Note that you need to run sudo update-grub
and reboot your system after changing /etc/default/grub
.
It is essential to check the processor's frequency before running any experiment so that you could reproduce them later.
-
Checking: To check the processor's frequency you can use one of the following methods:
lscpu | grep "CPU" | grep "MHz"
cat /proc/cpuinfo | grep "processor\|MHz"
sudo lshw -c cpu | grep "*-cpu\|MHz"
sudo dmidecode -t processor | grep Speed
sudo watch -n 1 cat /sys/devices/system/cpu/cpu*/cpufreq/scaling_cur_freq
The last method prints the frequency of each core every second. Note that instead of using
cpu*
, you can print the frequency of a subset of cores (e.g.,cpu[0-7]
). -
Changing: To change the frequency of the processors, you can use
cpupower
tool, as follows:sudo cpupower frequency-set -u 2.3G -d 2.3G
-u
specifies the maximum frequency, while-d
shows the minimum frequency for each core. To have a fixed frequency, you can set both of them to a single frequency (e.g.,2.3G
).sudo cpupower frequency-info | grep "hardware limits"
orlscpu | grep "CPU" | grep "MHz"
print the minimum/maximum frequencies for the processor.- You can get the nominal frequency of the processor via:
cat /proc/cpuinfo | grep model | grep -o "[0-9.]\+G" | head -n 1
For more information, check here.
We disable PAUSE frames in our experiments, which will be done automatically by Fastclick. However, you can also enable/disable/check the status of PAUSE frames for every interface via ethtool
.
ethtool -a enp23s0f0
sudo ethtool -A enp23s0f0 rx off tx off
It is possible to measure the number of PAUSE frames via ethtool
and dpdk
.
-
ethtool:
sudo ethtool -S enp23s0f0 | grep pause_ctrl
. For more info, check here. -
dpdk: You can read ethtool statistics in DPDK via
xstats
API. However, some of the Mellanox counters (e.g.,rx_pause_ctrl
andtx_pause_ctrl
) are not available by default. To measure PAUSE frames via dpdk, you should add the counters tostatic const struct mlx5_counter_ctrl mlx5_counters_init[]
located indpdk/drivers/net/mlx5/mlx5_stats.c
, as follows:
static const struct mlx5_counter_ctrl mlx5_counters_init[] = {
{
.dpdk_name = "rx_port_unicast_bytes",
.ctr_name = "rx_vport_unicast_bytes",
},
...
+ {
+ .dpdk_name = "rx_pause_ctrl_phy",
+ .ctr_name = "rx_pause_ctrl_phy",
+ },
+ {
+ .dpdk_name = "tx_pause_ctrl_phy",
+ .ctr_name = "tx_pause_ctrl_phy",
+ },
};
We set CQE_COMPRESSION
to aggressive mode in order to save PCIe bandwidth in our experiments.
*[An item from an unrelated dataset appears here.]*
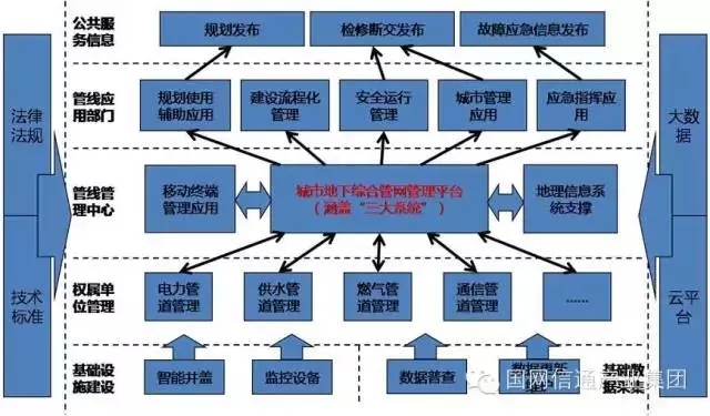 針對當前我國地下管線數(shù)據(jù)標準不統(tǒng)一、管線埋設現(xiàn)狀不明、缺乏信息化手段支撐、管理方式粗放等缺陷,國網(wǎng)信通產(chǎn)業(yè)集團提出地下管線“一大工程,三大系統(tǒng),四大體系”的整體解決方案。方案應用大數(shù)據(jù)、云計算、物聯(lián)網(wǎng)、信息通信、地理信息、三維GIS、移動GIS等新興技術(shù),依托現(xiàn)代Internet網(wǎng)絡及數(shù)據(jù)管理技術(shù),以基于地圖可視化的方式建設集資源管理、運行維護、在線監(jiān)測、決策分析等在內(nèi)的地下管線資源管理一體化解決方案,可實現(xiàn)管線資源的全面統(tǒng)籌,實現(xiàn)對地下管線精細粒度的信息維護,全面支撐精細化管理需要,為管理決策提供可靠支持。

To check the status of CQE_COMPRESSION
, you can run the following commands.
sudo mst start
sudo mlxconfig -d /dev/mst/mt4119_pciconf0 q | grep CQE
To change its status, you can run sudo mlxconfig -d /dev/mst/mt4119_pciconf0 set CQE_COMPRESSION=1
.
Note that you need to install Mellanox OFED
and MFT
before being able to run the mentioned commands. For more info, check the Mellanox manual for your NIC.